In their native lands, these berries are prized as an ancient source of food and medicine. Here in their new home, they are more often treated as a nuisance.

At Lycoberry, we believe in using the treasures the earth gives us. And in treating the earth kindly in return. That’s why we harvest respectfully from the wild.

Q. Where does Lycoberry source its berries?

A: All our berries are wild harvested in the United States. Lycoberry is creating an innovative model for commercializing a wild crop by building a network of local foragers, people who have been passionate advocates for this plant for a long time. They know and respect the land and believe in using the gifts that nature gives us.

The founders of Lycoberry get to know the harvesters personally. They visit the land they are picking and inspect the thickets so they can feel confident that they are delivering the highest quality, most pristine fruit possible. Lycoberry crops never come from roadsides or any other site that could harbor potential contaminants. And of course, Mother Nature always farms organic even if she’s not certified!

Research suggests that the time of harvest and post-harvest handling have a significant impact on the lycopene content of the berries. All of our foragers follow our strict harvest protocol that maximizes nutrient content.

Q. What about the invasive species problem?

A: Elaeagnus Umbellata was first introduced into North America in 1830 as an ornamental plant. Much later it was planted extensively by government agencies to control erosion and renew depleted land. Its ability to establish in poor soil conditions made it ideal for these projects but also helped it to proliferate, and it is now classified as an ‘invasive species’ in several states.

The spread of non-native species is considered a threat to native eco-systems, and today many government agencies and conservation groups are responding with chemical eradication strategies.
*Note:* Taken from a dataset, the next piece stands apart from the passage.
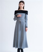 • フェザートリム配色ドッキングワンピース(11グレー-フリー)
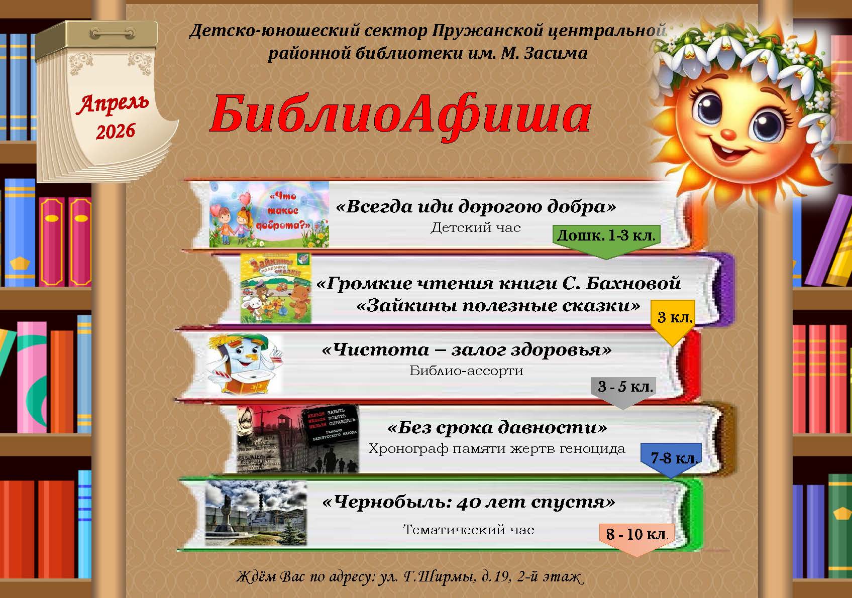 Детско-юношеский сектор ЦРБ им. М. Засима приглашает посетить мероприятия в апреле 2026 года. Поделиться новостью: Навигация по записям Запрашаем наведаць у красавіку

Many academic ecologists, though, agree that these plants are here to stay and the best approach is to learn to get along with them.

By picking the berries, we are helping to stop the spread. Birds, deer, and other animals love these berries as much as we do. Unfortunately, they’re not as finnicky as we are about where they deposit the seeds, and new plants get started. If we get our hands on them first, the seeds will be contained.
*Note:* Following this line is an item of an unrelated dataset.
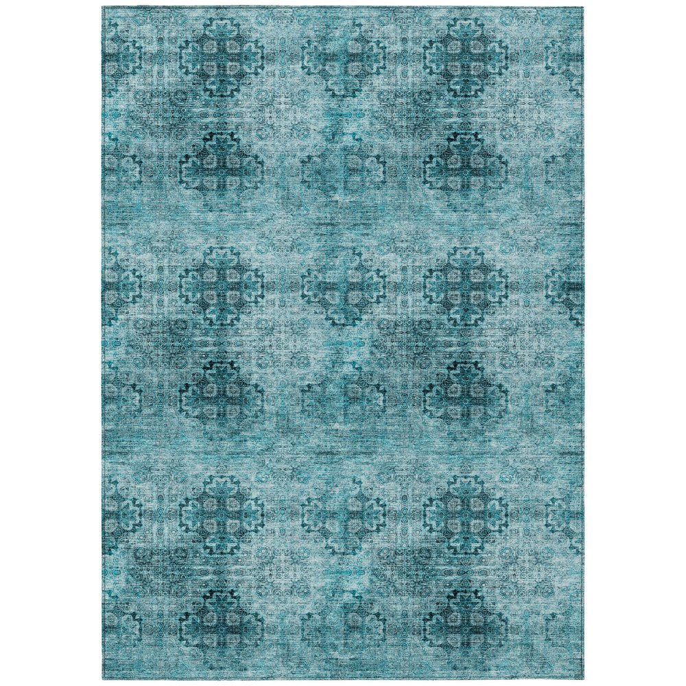 Set an inviting tone in your space with this 9-foot x 12-foot teal floral medallion washable nonskid indoor outdoor area rug. This rectangle shaped rug features a floral medallion design in teal to give it visual interest. A classic shape marries with a good-looking design for your space ideal for spaces with kids and pets, this rug is stain resistant to help repel stains and spilled liquids. Place this area rug against a hardwood or tile floor and it will enliven your living space with style and sophistication. 108-inch H x 144-inch W x 0.19-inch D

We love the idea of turning a “weed” into a valuable crop. It is a much healthier, more sustainable solution than flooding the earth with the noxious chemicals used to kill them.

Q. How much Lycopene should I have in my diet?

A: Researchers have not reached consensus about a recommended daily intake of Lycopene. But Edward Giovannucci, lycopene expert at Harvard, advises at least 10mg.

Q. Is it possible to get too much Lycopene?

A: Several studies have shown that as a practical matter lycopene toxicity is impossible. Additionally, Lycoberry sells only whole food products, not supplements.